Magnetism in artificial Ruddlesden-Popper iridates leveraged by structural distortions, interlayer coupling and ultra-fast optical excitation

Many appealing structural and electronic analogies between iridates and traditional 3d-electron based cuprates have been identified. One crucial difference, however, is that iridates host spin-orbit coupled J_eff=1/2 magnetic moments rather than pure spin S = 1/2 moments. This coupling means that subtle structural modulations driven by heterostructuring in iridates can be leveraged to drive large changes in the magnetic interactions. This talk focuses on resonant x-ray scattering studies of this phenomenology in (SrIrO₃)_n-(SrTiO₃)_m and Sr₂IrO₄ based heterostructures. This includes a demonstration of how twisting of the Ir-O octahedra drive the magnetic interactions in n=1 and 2 (SrIrO₃)_n-(SrTiO₃)_m heterostructures and how these systems mimic the bulk Ruddelston-Popper iridates Sr_n+1Ir_nO_3n+1 [1]. It will further cover how the magnetic state of SrIrO₃ changes as a function of the number of intervening SrTiO₃ layers m [2]. It was found that both interlayer coupling and local anisotropy act in concert to stabilize Mott insulating antiferromagnetic states and that the relative importance of these effects change with m.

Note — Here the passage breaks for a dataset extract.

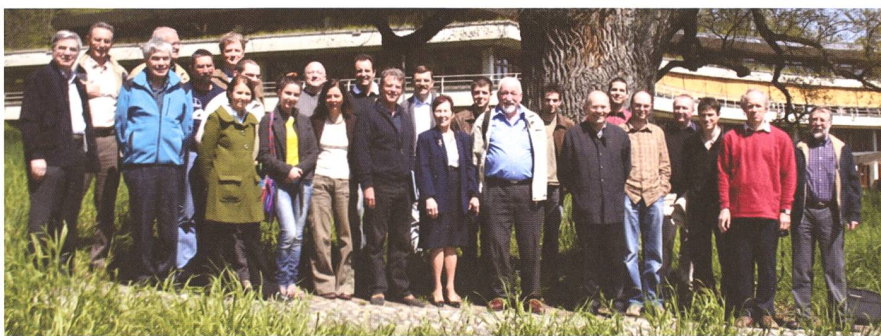
Les participants à la réunion IYA2009 en Suisse Romande du 26 avril 2008

la première fois les phases de la planète Vénus, similaires aux phases de la Lune. Une année seulement s'est écoulée depuis ses premières observations astronomiques... Une telle suite de découvertes, remettant toutes en question les idées (ou les a priori) sur les objets étudiés - Lune, Voie Lactée, Saturne, Soleil, Vénus -, et au-delà sur la conception du monde, n'a pas d'équivalent dans toute l'histoire des sciences. Si on ajoute que GALILÉE a en plus publié ses découvertes dans le Sidereus Nuncius (Le Messager des Étoiles) en mars 1610, et qu'il a démenagé de Venise à Florence en juillet, on peut penser qu'il a connu une année pleine !
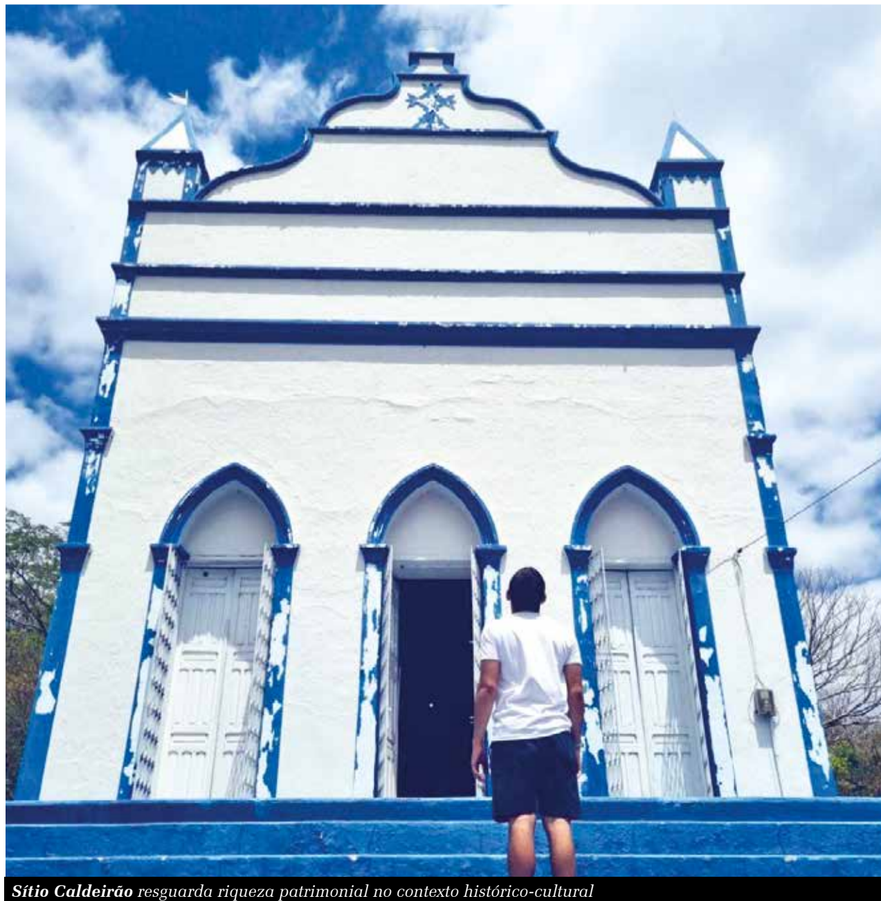
Sítio Caldeirão resguarda riqueza patrimonial no contexto histórico-cultural

los povos indígenas, com uma produção agroecológica”.

An emergent new field focuses on further modifying magnetic interactions with ultra-fast laser excitation. It has recently been shown that x-ray free electron lasers can be used to probe the nature of the magnetic correlations in transient states of iridates and that the magnetic dynamics is strongly dependent on the dimensionality of the magnetic interactions [3].

1. D. Meyers et al., arXiv:1707.08910 (2017)

2. L. Hao et al., Phys. Rev. Lett. 119, 027204 (2017)

3. M. P. M. Dean et al., Nature Materials, 15 601-605 (2016)